Throughout the program, Wider Circle engages meaningfully with stakeholders through three avenues. Firstly their community engagement liaisons, who are hired from the communities they serve and have hyperlocal cultural competence. Secondly, their member ambassadors, who are former members who have volunteered to help run Wider Circle events and collaborate with their staff and act as an additional conduit to provide feedback on events and member needs where they might otherwise not hear them. Finally, in addition to regularly surveying members, Wider Circle can meaningfully evaluate the impact on goals through best-in-class scientific studies, the methodology of which has been independently verified by a leading actuarial organization, Milliman.

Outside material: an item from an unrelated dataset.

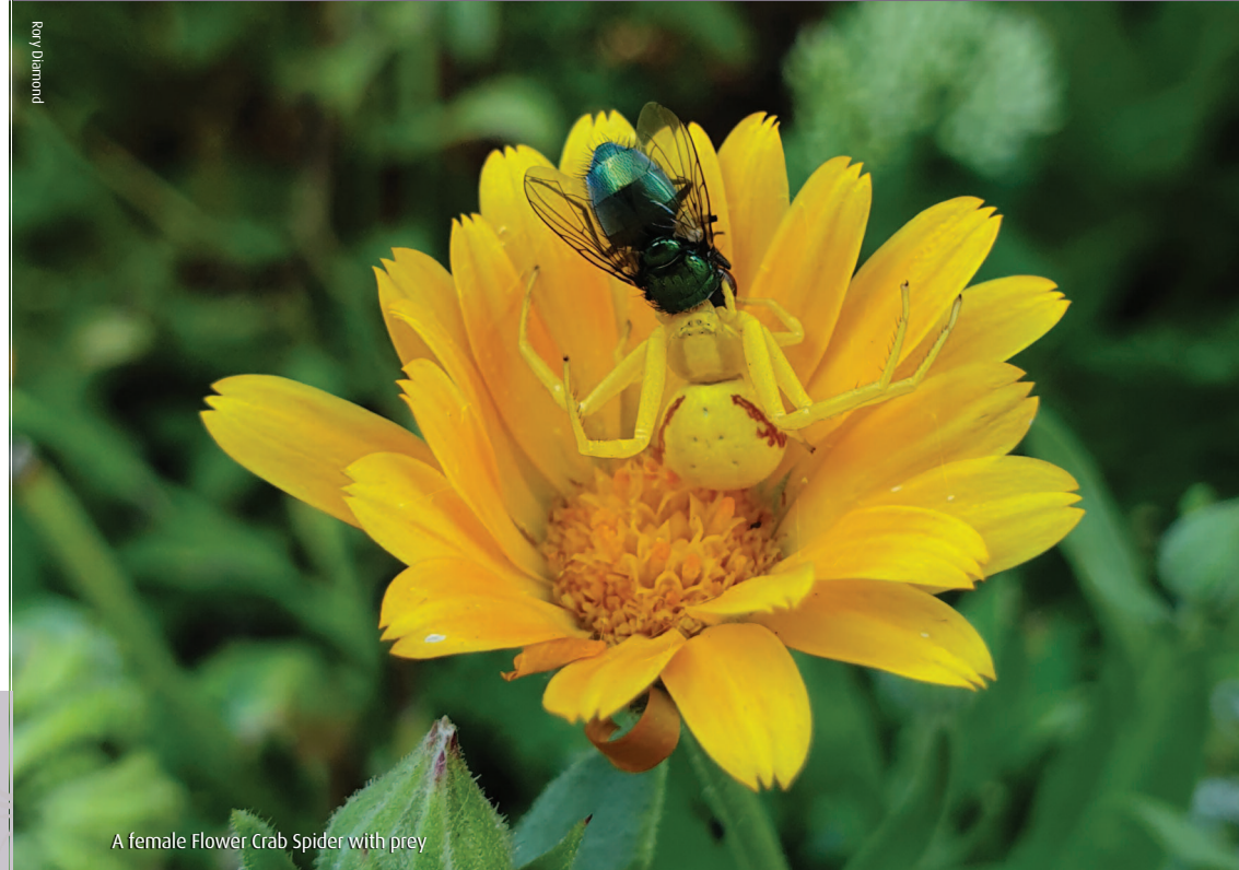
A female Flower Crab Spider with prey

Referral outcomes and impact
Plans will refer members to the services they need, and the referral process should be efficient and tracked. Wider Circle acts as an extension of this to elevate plan performance in this area directly into the community. They have clear, documented, and repeatable processes to get members what they need. They do this in collaboration with the member, getting their consent, documenting it, and managing their expectations. Once Wider Circle has done this, they ensure the referral event took place and close the loop, again documenting it with their community engagement portal. They can analyze the status of referrals by member demographics to ensure they are not introducing inequities through their approach. While they don’t directly evaluate quality of referrals, they do capture disparities and work to address them on a member and community basis. These germinate organically with members as they create their own preferred networks and this data is shared by members with other members, creating an internal evaluation loop.
In conclusion, Wider Circle believes their mission and services are strongly aligned to the NCQA Health Equity Accreditation and the overall equity agenda, and can act as a complement to many organizations’ health equity goals.